A Vida no Centro

Blog da Denize Bacoccina

Denize Bacoccina é jornalista e especialista em Relações Internacionais. Foi repórter e editora de Economia e correspondente em Londres e Washington. Cofundadora do projeto A Vida no Centro, mora no Centro de São Paulo. Aqui é o espaço para discutir a cidade e como vivemos nela.

A vida nos tempos do coronavírus

Como a epidemia de coronavírus mudou meu estilo de vida, baseado em andar a pé pela cidade, encontrar com as pessoas, viver a vida urbana

Publicado em:
Tempo de leitura:5 minutos

Há três anos, minha vida mudou completamente. Não foi a primeira vez. Já havia mudado de cidade algumas vezes, desde que, aos 18 anos, deixei minha Cordeirópolis natal para estudar em Campinas. Nas três décadas seguintes, a lista só aumentou: São Paulo, Londres, Washington, Brasília, até voltar a São Paulo, e encontrar uma cidade muito melhor daquela na qual havia vivido nos anos 1990. Uma cidade mais amigável, mais bonita (se você não acha é porque não sabe como ela era nos anos 1990), onde as pessoas gostam de viver. Todo mundo? Não, claro, que não, mas eu vim para participar – e de certa forma, ajudar a disseminar – deste novo estilo de vida.

NEWSLETTER

Assine nossa newsletter para ficar por dentro de tudo o que rola no centro

E esta nova vida não envolvia só uma mudança de endereço, mas de estilo mesmo. Em Brasília, onde morava anteriormente, usava o carro todos os dias, para tudo, já que tudo é longe. Aqui, o carro só saía da garagem para viagens para fora da cidade. Esse novo estilo de vida também envolvia caminhar muito pela cidade, a melhor maneira de se locomover no Centro. E, apesar de trabalhar em casa, encontrar muitas pessoas, bater papos em cafés, encontrar os amigos no bar, frequentar teatros, cinema, shows. Enfim, aproveitar a vida urbana da qual falamos aqui no A Vida no Centro.

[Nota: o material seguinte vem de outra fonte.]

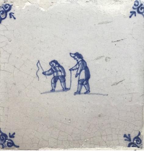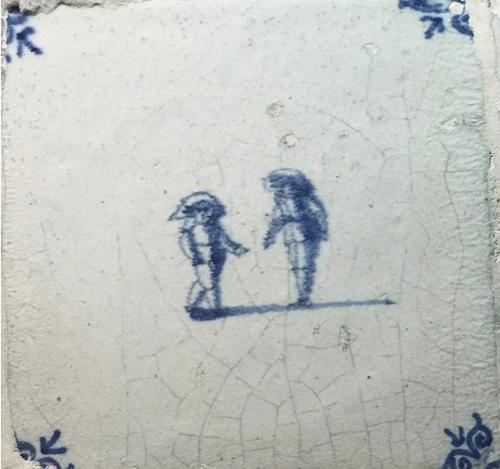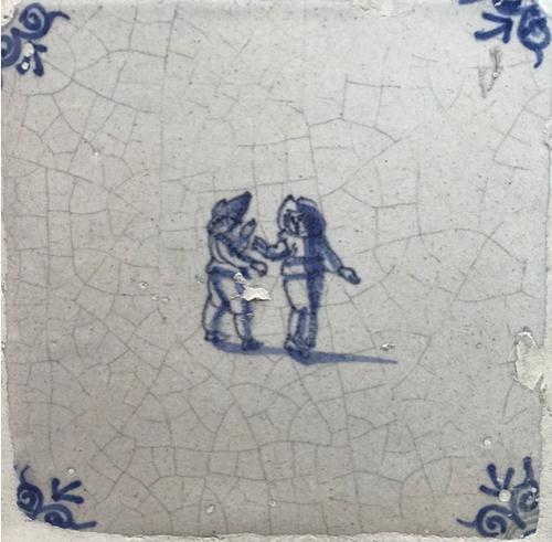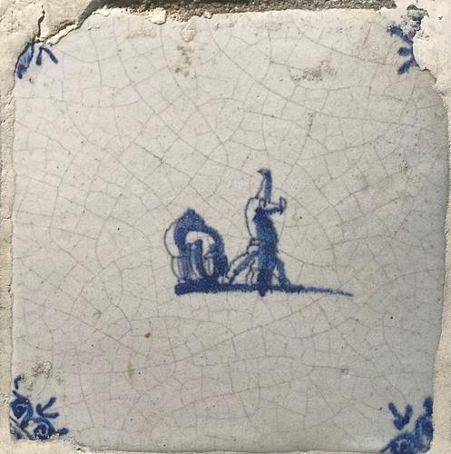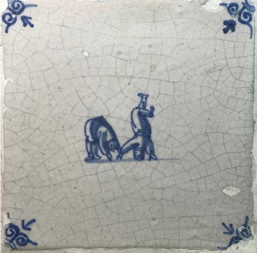Tegel van aardewerk met tinglazuur voorstellende klo...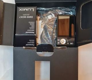 Appareil photo numérique Panasonic Lumix DMC-FZ18 proposé avec sa boîte d'origine, une sacoche de transport, une batterie, un chargeur, divers câbles, une carte mémoire, un CD, un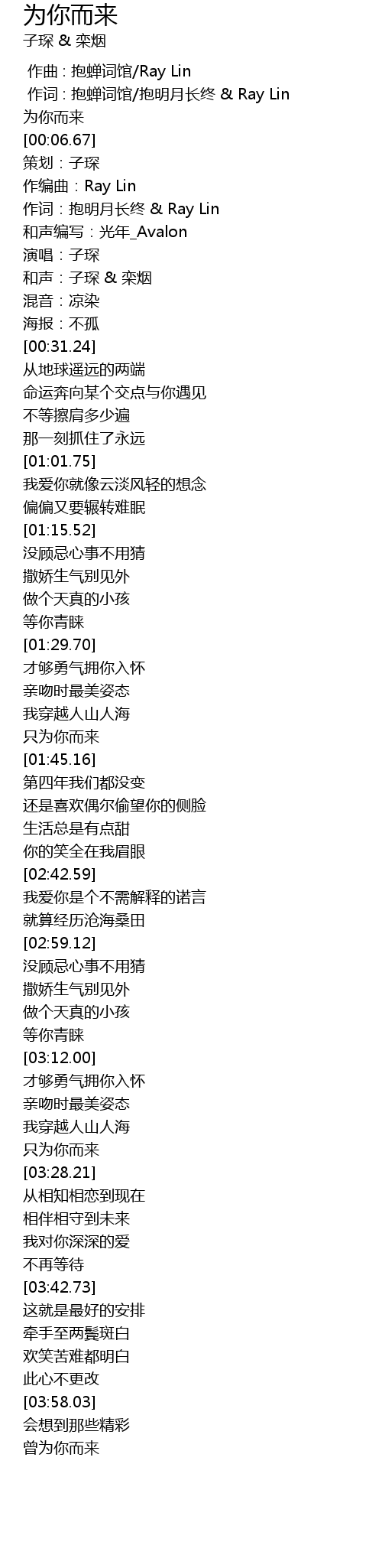 | [00:01.000] | 作词 : 抱蝉词馆/抱明月长终 & Ray Lin |

E agora, que não podemos sair de casa? O que mudou? Praticamente tudo, né? Há três semanas, só saio de casa para comprar comida – e apenas uma vez por semana. Cozinhar e comer em casa não é exatamente um sacrifício para quem, como eu, gosta de cozinhar. Sim. Mas todo dia? É, todo dia e sem opção não é a mesma coisa. As férias, marcadas mentalmente para junho, para conhecer as paisagens paradisíacas do Jalapão, agora não tem mais data. Quando será que voltaremos a ter confiança para pegar um avião para um lugar isolado, sem nenhuma infraestrutura de saúde?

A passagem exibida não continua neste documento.